![]() |
| Walikota Hendri Arnis dan Menkes Budi Gunadi Sadikin. |
Padang Panjang, fajarsumbar.com - Pemerintah Kota Padang Panjang mendorong pengembangan Rumah Sakit Umum Daerah (RSUD) menjadi rumah sakit rujukan regional sebagai bagian dari upaya memperkuat sistem pelayanan kesehatan di daerah.
Keingina itu disampaikan Walikota Padang Panjang Hendri Arnis saat melakukan audiensi dengan Menteri Kesehatan (Menkes) Budi Gunadi Sadikin di Jakarta, Rabu lalu.
Dalam pertemuan itu Wako Hendri menyampaikan sejumlah usulan strategis untuk meningkatkan infrastruktur dan kapasitas layanan kesehatan di Kota Padang Panjang. Selain pengembangan RSUD sebagai rumah sakit rujukan regional, Pemko juga mengusulkan penguatan layanan unggulan Kanker, Jantung, Stroke, Uronefrologi, serta Kesehatan Ibu dan Anak (KJSU-KIA).
Pemko Padang Panjang turut mengusulkan pembangunan Laboratorium Kesehatan Masyarakat (Labkesmas), serta rehabilitasi dan penambahan ruangan pada UPTD Puskesmas Koto Katik.

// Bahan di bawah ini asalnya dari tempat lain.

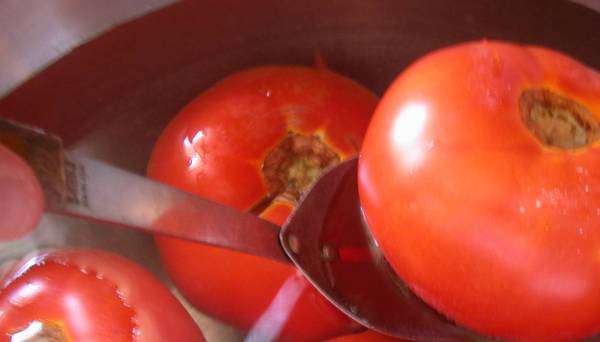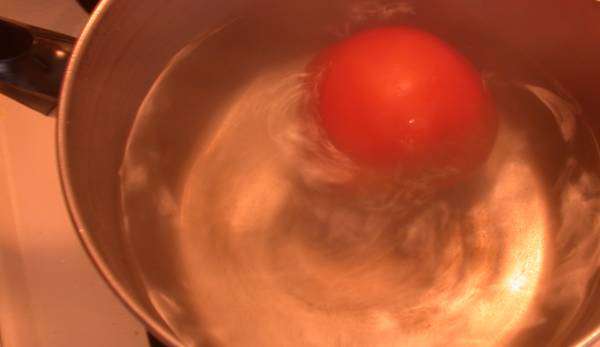 Using a slotted spoon, quickly remove the tomatoes to the cold water bath and leave them for at least a few minutes – until you can handle them, or until they’re cold if you’d rather.

Menurut Hendri, penguatan RSUD memiliki arti strategis bagi Padang Panjang mengingat posisi kota tersebut berada pada jalur penting di Sumatera Barat. Kondisi geografis itu juga menuntut kesiapsiagaan layanan kesehatan yang kuat, terutama dalam menghadapi potensi bencana maupun gangguan akses rujukan.
“Kami ingin RSUD Padang Panjang semakin kuat dan mampu menjadi bagian dari sistem rujukan regional, sekaligus siap memberikan pelayanan dalam kondisi kegawatdaruratan maupun bencana,” jelas Hendri.
Pengembangan RSUD diharapkan tidak hanya meningkatkan mutu dan kapasitas pelayanan bagi masyarakat Padang Panjang, tetapi juga memperkuat peran kota sebagai bagian dari sistem pelayanan kesehatan bagi masyarakat di wilayah sekitarnya.
Sementara itu, pembangunan Labkesmas dinilai penting untuk memperkuat fungsi kesehatan masyarakat, terutama dalam mendukung deteksi dini, surveilans kesehatan, serta pemeriksaan kualitas air dan sanitasi.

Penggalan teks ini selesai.